RECORDS FOR THIS TASK
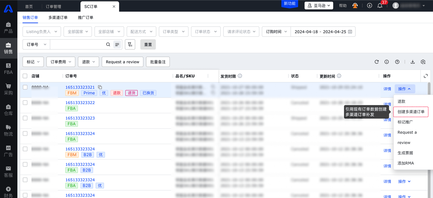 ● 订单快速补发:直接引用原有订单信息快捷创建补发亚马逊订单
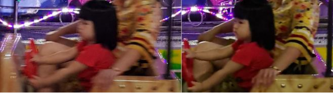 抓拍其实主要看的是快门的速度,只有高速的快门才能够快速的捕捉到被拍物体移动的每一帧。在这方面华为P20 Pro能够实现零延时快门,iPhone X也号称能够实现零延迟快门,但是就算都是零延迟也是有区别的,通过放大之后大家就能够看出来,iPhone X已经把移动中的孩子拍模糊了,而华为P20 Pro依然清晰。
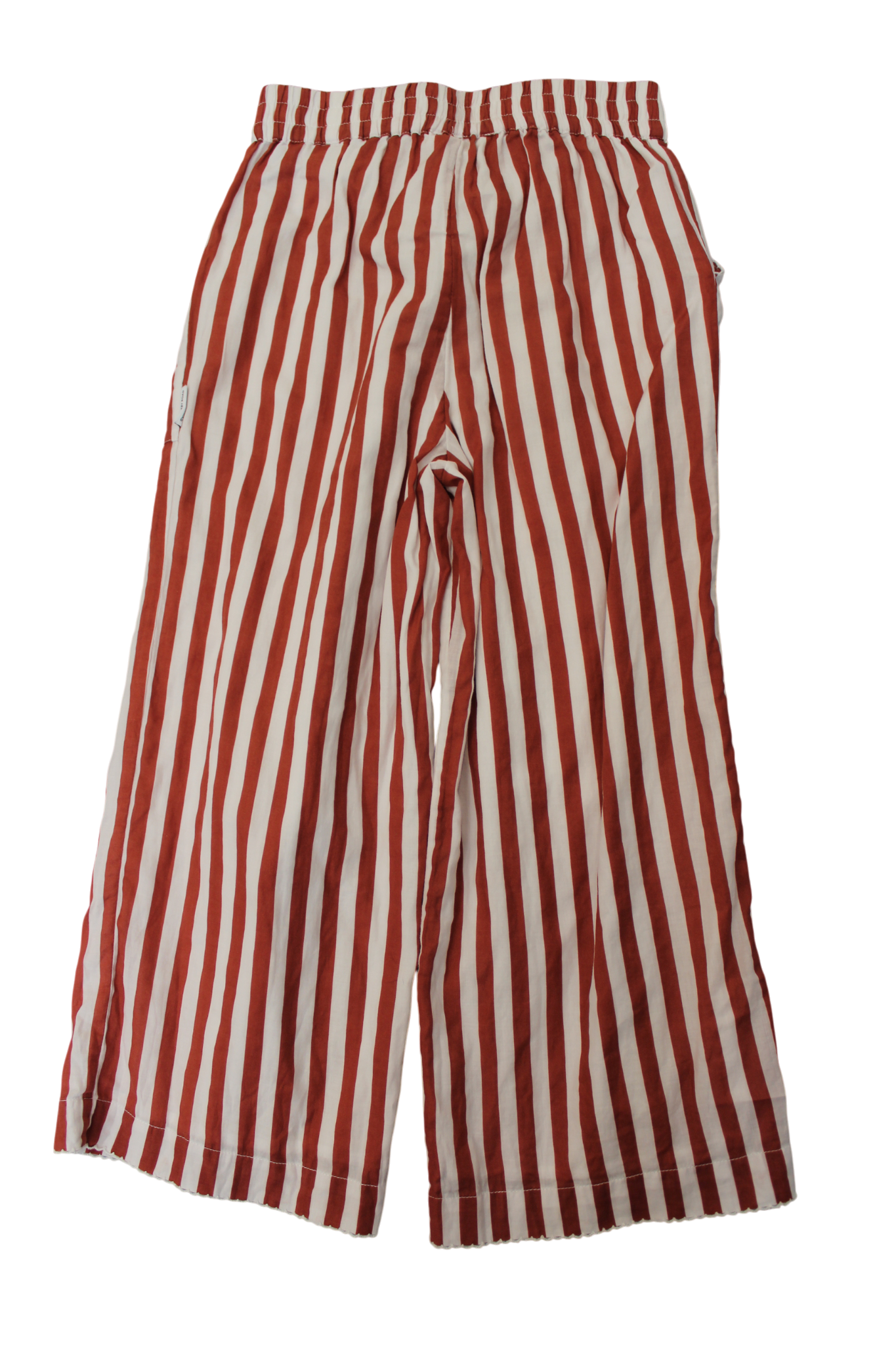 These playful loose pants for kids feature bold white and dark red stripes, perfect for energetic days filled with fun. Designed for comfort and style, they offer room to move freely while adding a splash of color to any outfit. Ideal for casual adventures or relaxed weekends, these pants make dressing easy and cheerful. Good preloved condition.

--

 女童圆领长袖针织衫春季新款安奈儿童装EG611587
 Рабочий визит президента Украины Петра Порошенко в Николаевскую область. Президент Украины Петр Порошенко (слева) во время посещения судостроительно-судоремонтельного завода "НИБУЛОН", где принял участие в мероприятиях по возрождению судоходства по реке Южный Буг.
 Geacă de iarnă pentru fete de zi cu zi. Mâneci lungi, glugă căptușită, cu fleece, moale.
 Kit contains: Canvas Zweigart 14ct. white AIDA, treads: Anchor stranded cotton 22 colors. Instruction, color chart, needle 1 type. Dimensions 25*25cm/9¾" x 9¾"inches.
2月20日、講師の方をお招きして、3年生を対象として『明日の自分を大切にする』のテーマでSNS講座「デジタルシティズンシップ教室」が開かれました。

WORK TO BE COMPLETED
Look above for the line with "Рабочий визит президента" and the line with "Geacă de iarnă"; transcribe both and all lines in between, exactly, and nothing else.

RESPONSE TO THIS TASK
 Рабочий визит президента Украины Петра Порошенко в Николаевскую область. Президент Украины Петр Порошенко (слева) во время посещения судостроительно-судоремонтельного завода "НИБУЛОН", где принял участие в мероприятиях по возрождению судоходства по реке Южный Буг.
 Geacă de iarnă pentru fete de zi cu zi. Mâneci lungi, glugă căptușită, cu fleece, moale.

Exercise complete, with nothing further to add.